我正在尝试使用 BeautifulSoup 从 Google scholar 上的一位作者那里获取所有出版物的完整作者列表。由于作者的主页只有每篇论文的截断作者列表,我必须打开论文的 link 才能获得完整列表。结果,我每隔几次尝试 运行 进入验证码。

有没有办法避免验证码(例如每次请求后暂停 3 秒)?或者制作原始的 Google 学者个人资料页面以显示完整的作者列表?

最近我遇到了类似的问题。我至少通过实施 随机 相当持久的 睡眠来简化我的收集过程,如下所示:

import time
import numpy as np

time.sleep((30-5)*np.random.random()+5) #from 5 to 30 seconds

如果您有足够的时间(比如说在晚上启动您的解析器),您可以进行更大的暂停(大 3 倍以上)以确保您不会收到验证码。

此外,您可以随机更改站点请求中的 user-agents,这会更加掩盖您。

最有效的方法是使用验证码解决服务和住宅代理。

如果您不想弄清楚如何使用验证码或弄清楚要使用哪些代理,您可以尝试 Google Scholar API 来自 SerpApi,这是一个付费 API 的免费计划绕过后端的块。

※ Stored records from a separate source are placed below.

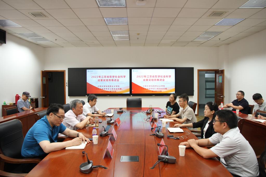 6月24日下午,我院在三江楼1706举行2022年江苏省哲学社会科学成果奖培育推进会,邀请苏州大学方世南教授和南京林业大学孙建华教授交流经验。院长李丽教授、副院长蒋俊明教授以及教师代表近20人参加了本次会议。会议由副院长李宏刚教授主持。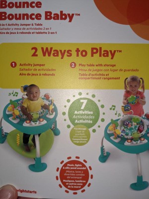 BOING! Get ready for bouncy, jumpy fun with the Bounce Bounce Baby 2-in-1 Activity Jumper & Table from Bright Starts. Youll get years of use out of this grow-with-me jumper by converting it into a standing activity table for toddler play (pssst theres a toy storage bag included, too!). In jumper mode, our 3-position height adjustable bouncy pad lets baby jump for joy at just the right height. The seat pad rotates 360 for easy access to all the toys and activities. The electronic frog toy station makes playful ribbit sounds and plays music, with light-up lily pads to delight your babys eyes and ears. As baby grows, remove the bouncy pad and create a standing play table. Easily swap out the baby seat for our toy storage bag to help keep play sessions tidy and your toddlers favorite toys within reach. Babies and toddlers will love the 7 interactive toys in this Playful Pond fashion, like the dragonfly spinner and snail self-discovery mirror. With a space-saving pondscape packed with activities, entertaining your growing kiddo is just a walk in the park!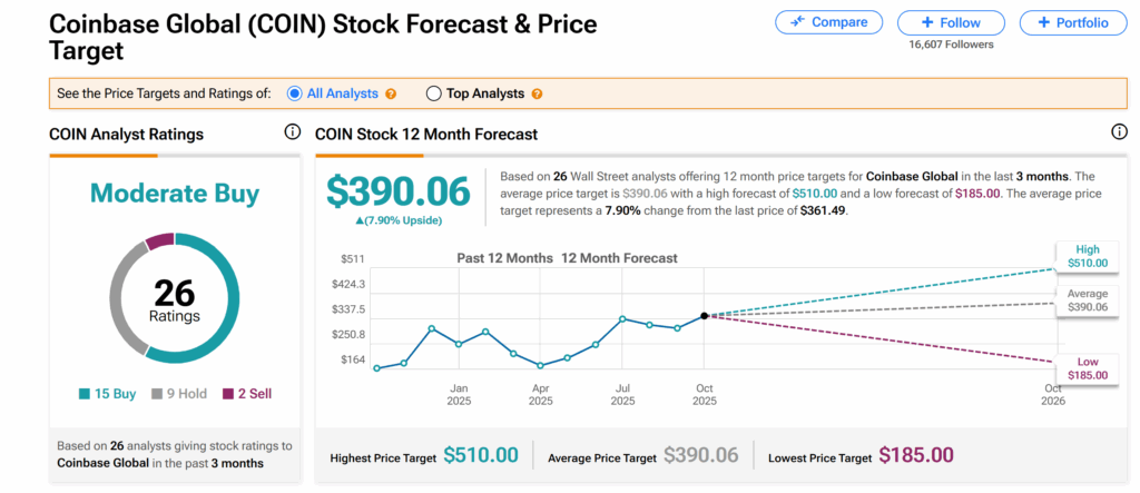 그러나 COIN의 평균 목표주가 390.06달러는 현재 수준에서 약 8% 상승 여력이 있음을 시사한다.

代码和 example in the online IDE 从所有可用页面抓取出版物并能够将结果保存为 CSV:

import pandas as pd
import os, json
from serpapi import GoogleScholarSearch
from urllib.parse import urlsplit, parse_qsl


def serpapi_scrape_all_publications(query: str):
    params = {
        "api_key": os.getenv("API_KEY"),    # your SerpApi API key
        "engine": "google_scholar",         # search engine
        "hl": "en",                         # language
        "q": query,                         # search query
        "num": "100"                        # articles per page
    }

    # where data extraction happens on SerpApi backend.
    search = GoogleScholarSearch(params)

    publications = []

    publications_is_present = True
    while publications_is_present:
        results = search.get_dict()         # JSON -> Python dictionary

        for publication in results.get("organic_results", {}):
            publications.append({
                "title": publication.get("title"),
                "link": publication.get("link"),
                "result_id": publication.get("result_id"),
                "snippet": publication.get("snippet"),
                "inline_links": publication.get("inline_links"),
                "publication_info": publication.get("publication_info")
            })

        # checks for the next page and updates if present
        if "next" in results.get("serpapi_pagination", []):
            # split URL in parts as a dict() and update "search" variable to a new page
            search.params_dict.update(dict(parse_qsl(urlsplit(results["serpapi_pagination"]["next"]).query)))
        else:
            publications_is_present = False

    print(json.dumps(publications, indent=2, ensure_ascii=False))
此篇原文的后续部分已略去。